Hours after the polls closed, Prime Minister Malcolm Turnbull sounded a confident tone despite early results showing his conservative Liberal Party-led coalition in a virtual tie with the opposition center-left Labor Party.
“Based on the advice I have from the party officials, we can have every confidence that we will form a coalition majority government in the next parliament,” Turnbull said in a speech to cheering supporters early Sunday morning.
Opposition leader Bill Shorten did not speculate on a Labor victory but celebrated the strong swing to his party only three years after it was convincingly dumped from power in the last election.
“There is one thing for sure. The Labor Party is back,” he said in a speech to supporters.
Parties need to hold at least 76 seats in the 150-seat House of Representatives to form a government. When the count was suspended early Sunday, the Australian Electoral Commission said Labor was leading in 72 seats, Turnbull’s coalition in 66 seats, and minor parties or independents in five seats. Counting was less clear in another seven seats.
The final tally was not expected to be known until Tuesday, after mail-in ballots and those cast ahead of Saturday’s election were counted. In past elections, these votes have favored the conservatives.
Just two possibilities remain: The coalition will win by the slimmest of margins, or there will be a hung parliament.

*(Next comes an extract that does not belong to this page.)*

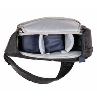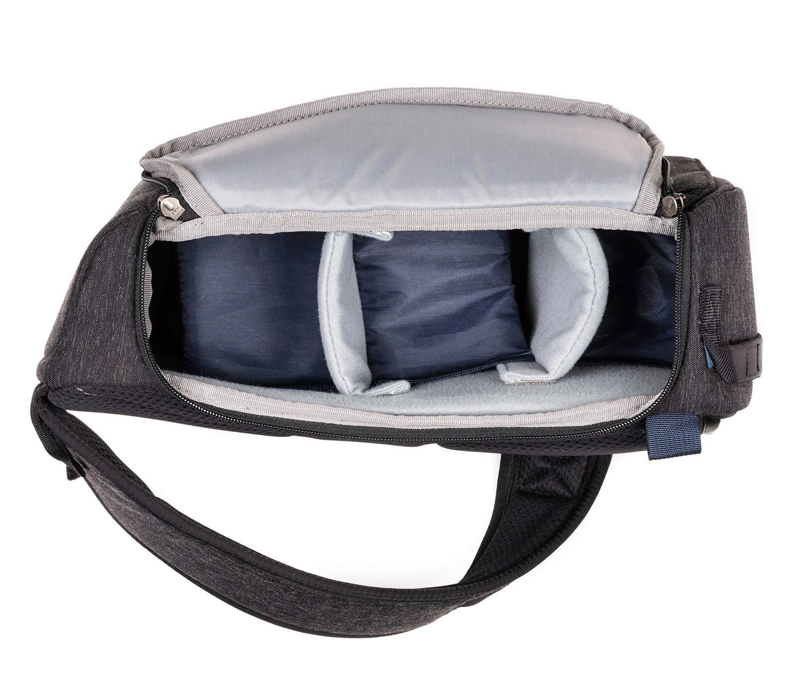 Доступ к технике открывается через боковые клапаны, когда вы перекидываете слинг со спины на грудь. Внутреннее пространство, как обычно, организуется с помощью плотных разделителей на липучках-велкро. Конструкция поперечных разделителей позволяет установить один небольшой объектив поверх другого таким образом, чтобы они не бились друг об друга, и чтобы вы в то же время могли достать нижний, не отстегивая липучку. По бокам слинга располагается по одному карману на молнии с органайзером для мелочей: можно положить телефон, запасную карту памяти, аккумулятор и так далее. В передний карман можно положить пару зимних перчаток, складной зонт или небольшой штатив. Чтобы лучше зафиксировать слинг на спине, когда вы передвигаетесь активно (например, едете на велосипеде), можно пристегнуть второй вспомогательный ремень.

Turnbull called the rare early election—dubbed a “double dissolution” because both the House and the Senate are dissolved—in a bid to break a legislative deadlock over a bill that would have created a construction industry watchdog. But the result of the election may bring further deadlock: If neither party earns a majority of seats in the House, both Labor and the coalition will be forced to try to forge alliances with independent lawmakers to form a minority government.